> _Brief_:
All the lines below should appear again unchanged, though their pictures should not.
Content starts
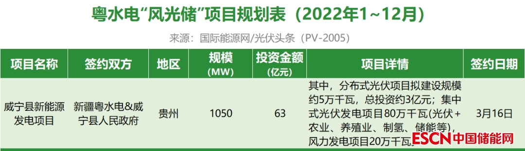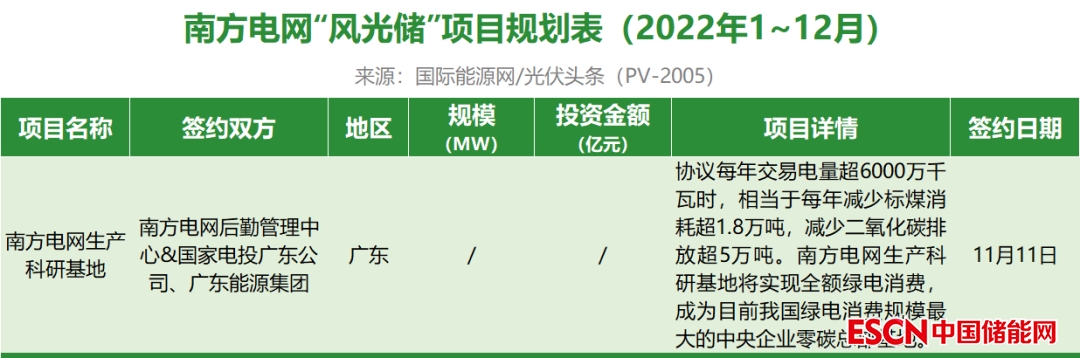 截至2022年12月31日,南方電網(wǎng)共簽約(規(guī)劃)1個風光儲項目。
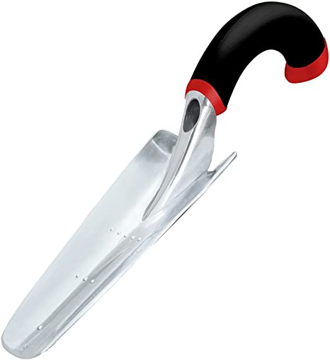 This trowel, made especially for transplanting, features a long narrow blade that is gently curved and pointed at the tip. Some transplanters blades have two sharp edges, while others may have one serrated edge. In addition, some blades may have marking that indicated the distance from the tip in inches. The blade is usually of a metal such as steel alloy, stainless steel, or aluminum. The handles may be of wood or metal, and may include various safety features such as finger guard and thumb rest. Some handles are especially designed for comfort and easy of handling. Photo Credit Amazon
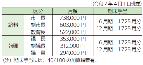 市職員の給与は条例、規則などで定められています。職員の給与には、基本給としての給料と、扶養、住居、通勤手当やボーナスにあたる期末・勤勉手当などがあります。
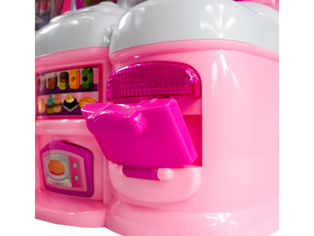 Tento model dětské kuchyňky je vybaven funkčními prvky a doplňky.
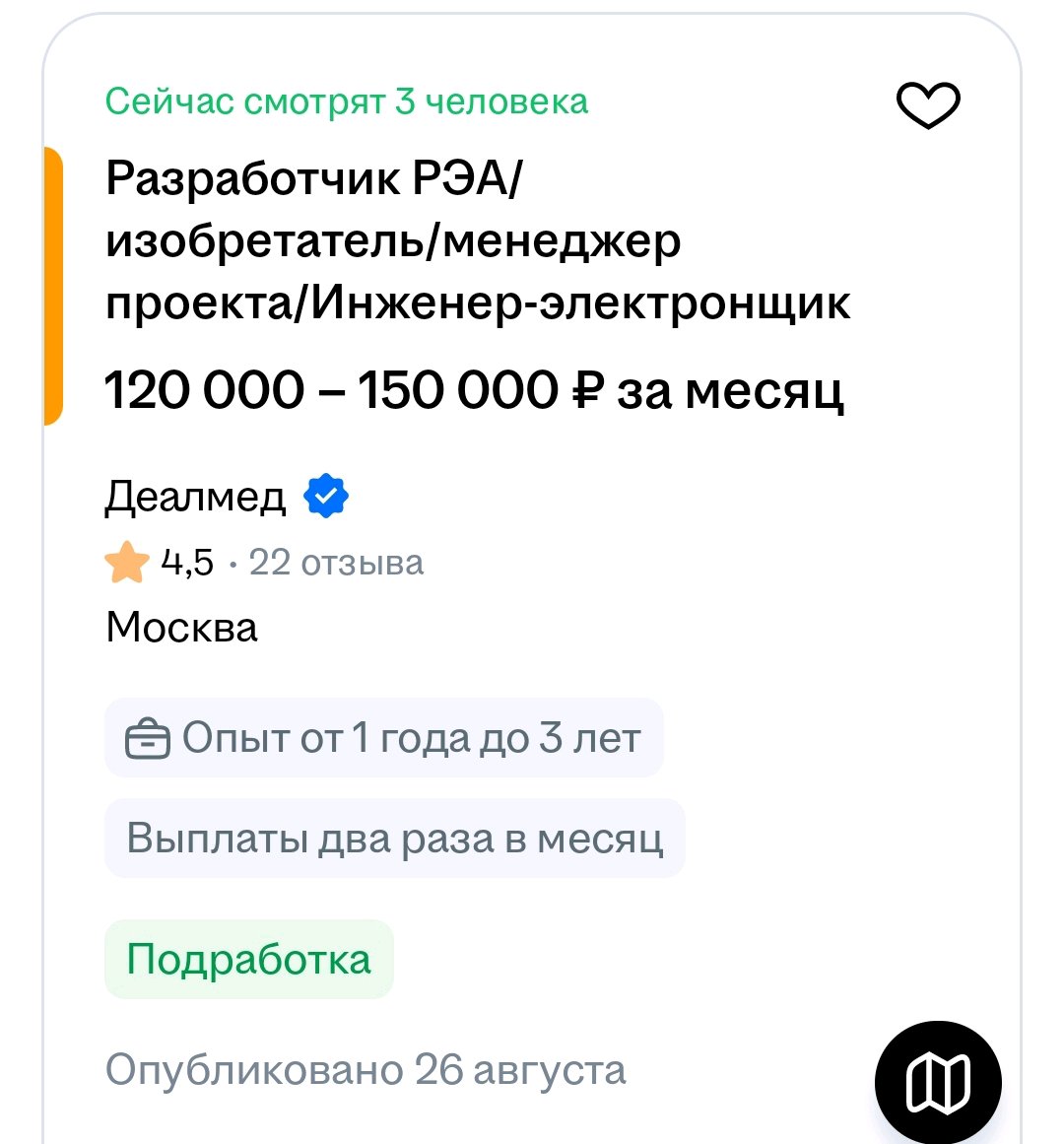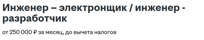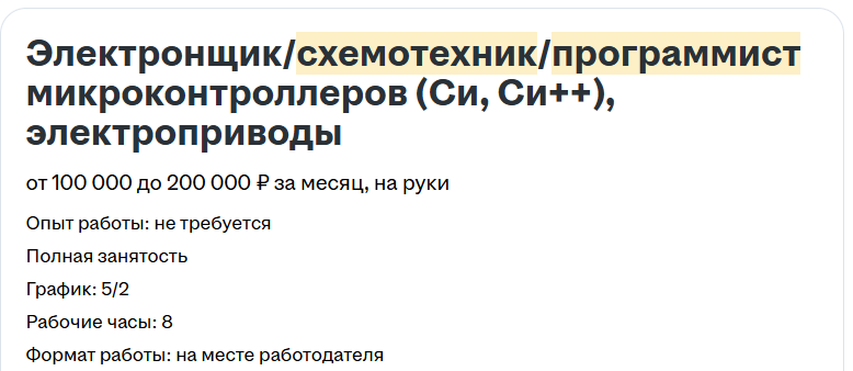 >>3180458 встречал вакансии где требовался мастер-многостаночник, умеющий прогать микрики, плк, разводить и паять платы, разрабатывать scada системы на qt и работа с графиком 6/1и за 70к само собой когда на вакансиях 200-300к требуют только что-то одно и там еще и свободный график или пару часов в день работают такое чуство что между зарплатой и требуемыми обязанностями обратно-пропорциональная зависимость
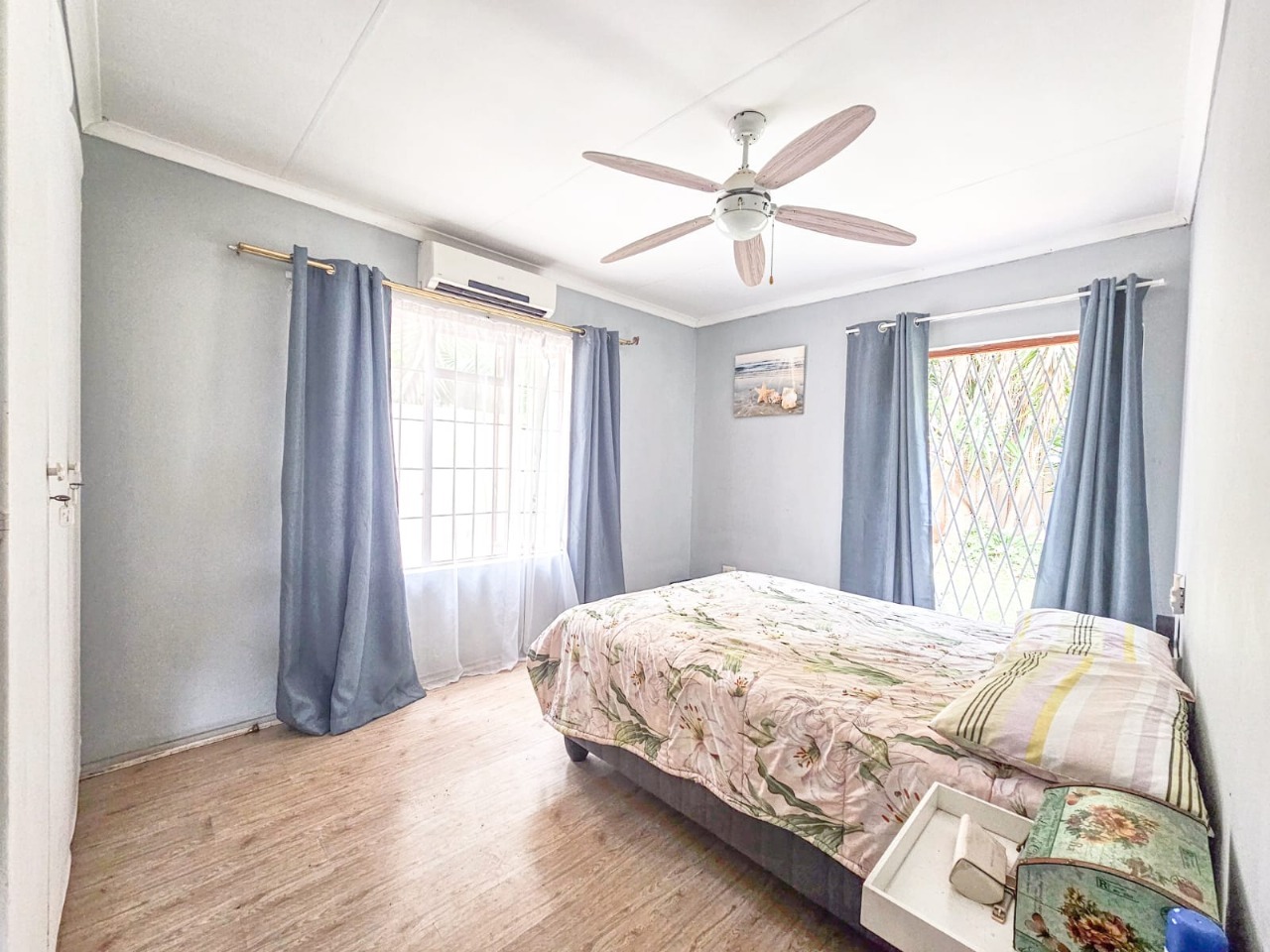 The home offers two comfortable bedrooms, each fitted with practical built-in wardrobes. The main bedroom benefits from both a ceiling fan and an air conditioning unit, ensuring year-round comfort. A well-appointed bathroom serves the household.
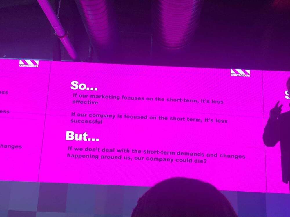 Contagious; marka, ajans, teknoloji şirketleri ve akademi cephelerinden önde gelen isimlere “2015’te işletmelerin karşılaştığı en önemli sorun hangisidir?” sorusu yöneltilmiş. Karşılığında ise Yapay zeka, büyük veri, blockchain, marka vaadi ve içerik yanıtları alınmış. Markalar da yöneticiler de yaratıcılar da ekonomistler de aynı şeyi söylüyorlar bu yanılar ve çatılarıyla alakalı. Uzun vadeli adaptasyon için çeviklik gerekiyor. Sürekli değişimde olan sektörler olduğu için artık değişim hızı da ona uygun ve aynı çeviklikte gitmeli. Kısa vadeli planlardan ziyade uzun vadeli yapılar kurgulayan şirketler ortalama gelirlerini %47 artırmış. Pazar olarak da uzun vadeli yatırımlarla büyüme hızı dengeli ve hızlı şekilde ilerliyor. Pazar içerisinde uzun vadeli adım atınların, kısa vadeli plan yapanlara göre 6 kat hızla ilerlediği görülmüş.
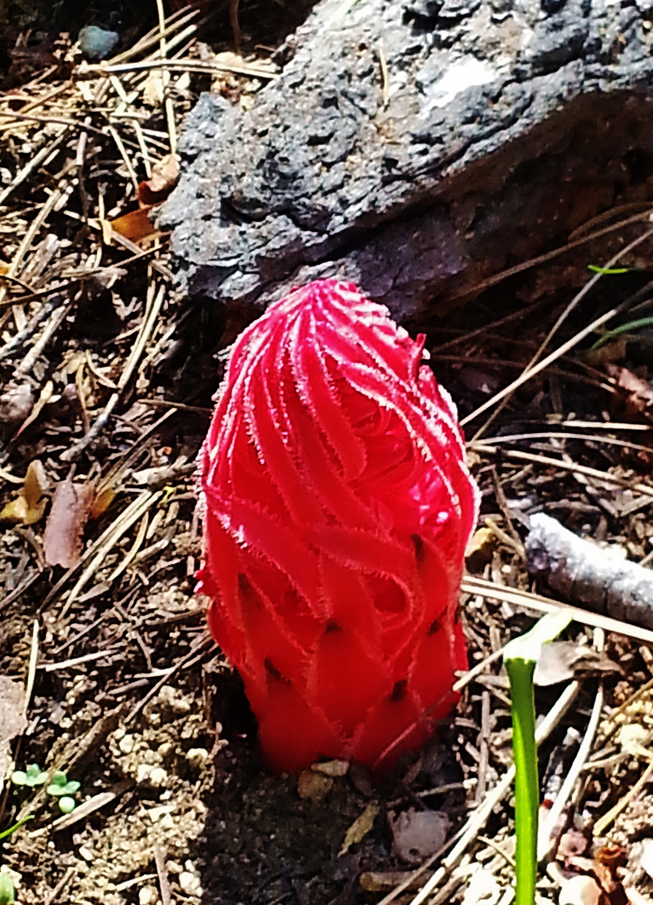 We started seeing these at higher elevations. They are called snow plants, and interestingly enough don't have chlorophyll, instead getting nutrition from fungi under the ground.
Content ends
> _Answer space_:
 截至2022年12月31日,南方電網(wǎng)共簽約(規(guī)劃)1個風光儲項目。
 This trowel, made especially for transplanting, features a long narrow blade that is gently curved and pointed at the tip. Some transplanters blades have two sharp edges, while others may have one serrated edge. In addition, some blades may have marking that indicated the distance from the tip in inches. The blade is usually of a metal such as steel alloy, stainless steel, or aluminum. The handles may be of wood or metal, and may include various safety features such as finger guard and thumb rest. Some handles are especially designed for comfort and easy of handling. Photo Credit Amazon
 市職員の給与は条例、規則などで定められています。職員の給与には、基本給としての給料と、扶養、住居、通勤手当やボーナスにあたる期末・勤勉手当などがあります。
 Tento model dětské kuchyňky je vybaven funkčními prvky a doplňky.
 >>3180458 встречал вакансии где требовался мастер-многостаночник, умеющий прогать микрики, плк, разводить и паять платы, разрабатывать scada системы на qt и работа с графиком 6/1и за 70к само собой когда на вакансиях 200-300к требуют только что-то одно и там еще и свободный график или пару часов в день работают такое чуство что между зарплатой и требуемыми обязанностями обратно-пропорциональная зависимость
 The home offers two comfortable bedrooms, each fitted with practical built-in wardrobes. The main bedroom benefits from both a ceiling fan and an air conditioning unit, ensuring year-round comfort. A well-appointed bathroom serves the household.
 Contagious; marka, ajans, teknoloji şirketleri ve akademi cephelerinden önde gelen isimlere “2015’te işletmelerin karşılaştığı en önemli sorun hangisidir?” sorusu yöneltilmiş. Karşılığında ise Yapay zeka, büyük veri, blockchain, marka vaadi ve içerik yanıtları alınmış. Markalar da yöneticiler de yaratıcılar da ekonomistler de aynı şeyi söylüyorlar bu yanılar ve çatılarıyla alakalı. Uzun vadeli adaptasyon için çeviklik gerekiyor. Sürekli değişimde olan sektörler olduğu için artık değişim hızı da ona uygun ve aynı çeviklikte gitmeli. Kısa vadeli planlardan ziyade uzun vadeli yapılar kurgulayan şirketler ortalama gelirlerini %47 artırmış. Pazar olarak da uzun vadeli yatırımlarla büyüme hızı dengeli ve hızlı şekilde ilerliyor. Pazar içerisinde uzun vadeli adım atınların, kısa vadeli plan yapanlara göre 6 kat hızla ilerlediği görülmüş.
 We started seeing these at higher elevations. They are called snow plants, and interestingly enough don't have chlorophyll, instead getting nutrition from fungi under the ground.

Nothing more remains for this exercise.